- _Task objective_
Print only the lines running from the line with "SS0770 Black Coquette" to the final line below, both included, exactly as written and without the pictures.

- _Raw data_
☆ ☆ ☆ ☆ ☆

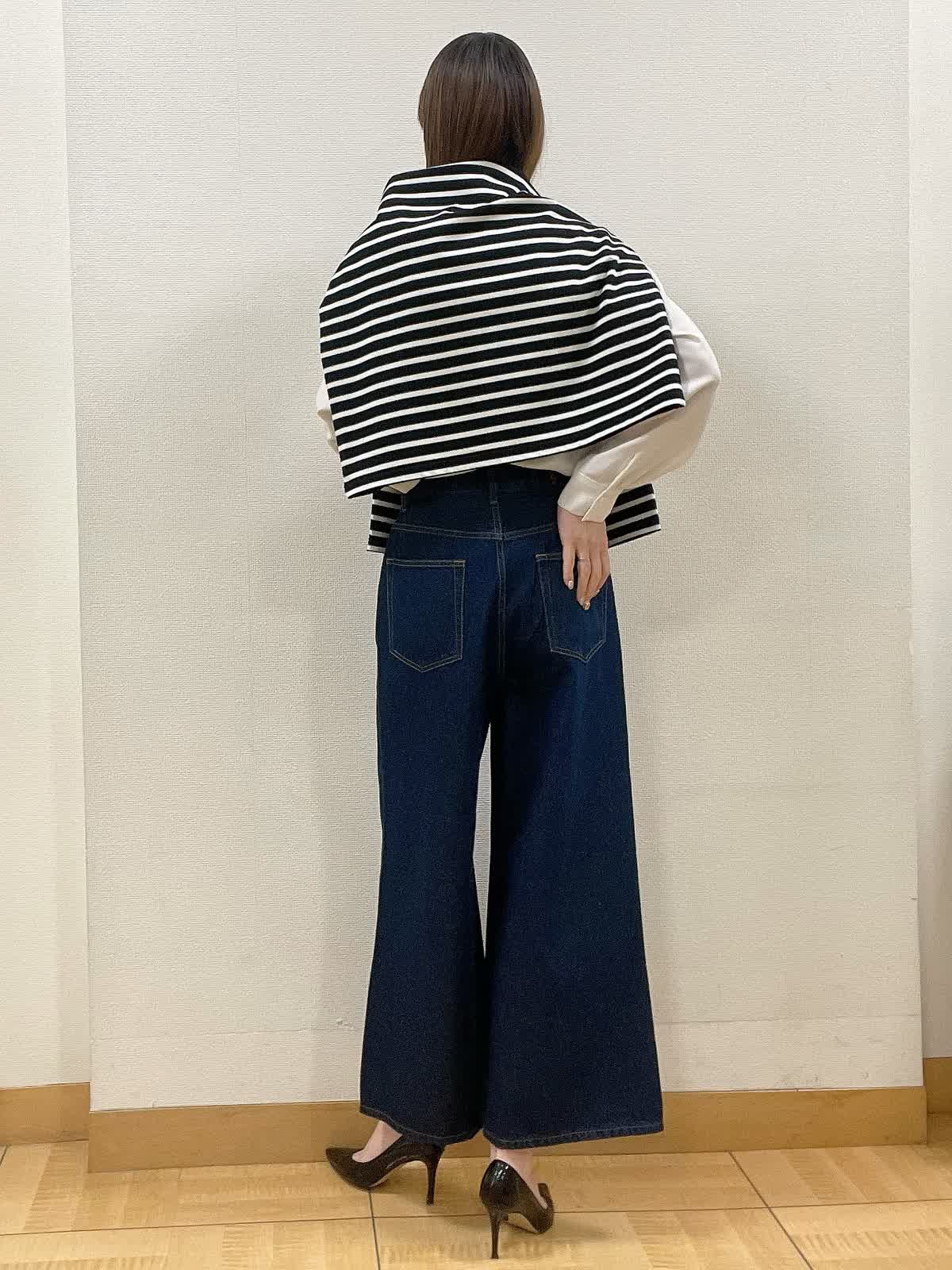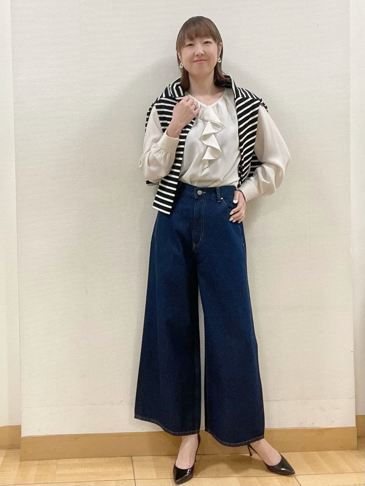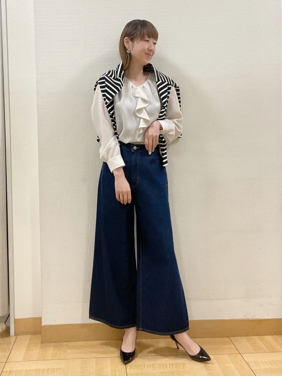 【着用サイズ】ブラウス、 パンツ共に9号 カットソー:フリー【着用カラー】ブラウス:アイボリー カットソー:ブラック パンツ:インディゴ 女性らしいデザインが可愛らしいブラウス。胸元のフリルが女性らしさをプラス。デニムにインして綺麗めカジュアルスタイルに。
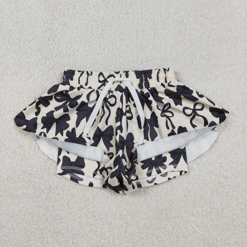 SS0770 Black Coquette Bows Yoga Girl's Shorts
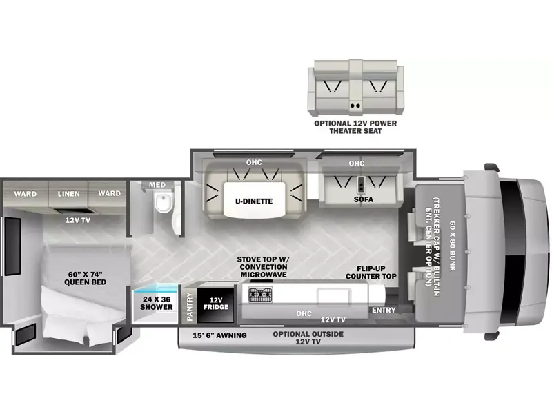 Escape the hustle and bustle of everyday life with this motorhome! It features a 60" x 80" bunk over cab mat which can be switched out for an optional Trekker cap with a built-in entertainment center. The sofa and U-shaped dinette slide offer comfortable places to enjoy meals, socialize, and even sleep once converted. Prepare your best meals with the 10.7 cu. ft. 12V refrigerator, the three burner cooktop, the flip-up countertop, and even the 1.3 cu. ft. undermount convection microwave. The separated bathroom has a 24" x 32" shower across from a toilet with a sink and countertop space, plus it leads directly into the rear private bedroom which has a 60" x 74" queen bed slide across from a linen/12V TV area with wardrobes on either side. You can even add an optional outside 12V TV and stay protected by the 15' 6" power awning!
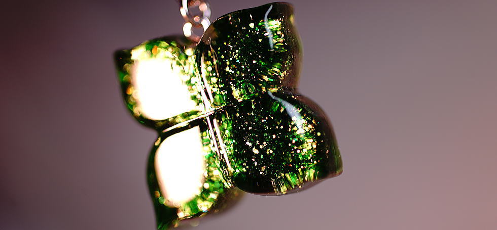 グリーンに煌く美しい四葉。2761『幸せの四つ葉 ~ 煌き ~』【受注制作】

☆ ☆ ☆ ☆ ☆

- _Response to the exercise_
 SS0770 Black Coquette Bows Yoga Girl's Shorts
 Escape the hustle and bustle of everyday life with this motorhome! It features a 60" x 80" bunk over cab mat which can be switched out for an optional Trekker cap with a built-in entertainment center. The sofa and U-shaped dinette slide offer comfortable places to enjoy meals, socialize, and even sleep once converted. Prepare your best meals with the 10.7 cu. ft. 12V refrigerator, the three burner cooktop, the flip-up countertop, and even the 1.3 cu. ft. undermount convection microwave. The separated bathroom has a 24" x 32" shower across from a toilet with a sink and countertop space, plus it leads directly into the rear private bedroom which has a 60" x 74" queen bed slide across from a linen/12V TV area with wardrobes on either side. You can even add an optional outside 12V TV and stay protected by the 15' 6" power awning!
 グリーンに煌く美しい四葉。2761『幸せの四つ葉 ~ 煌き ~』【受注制作】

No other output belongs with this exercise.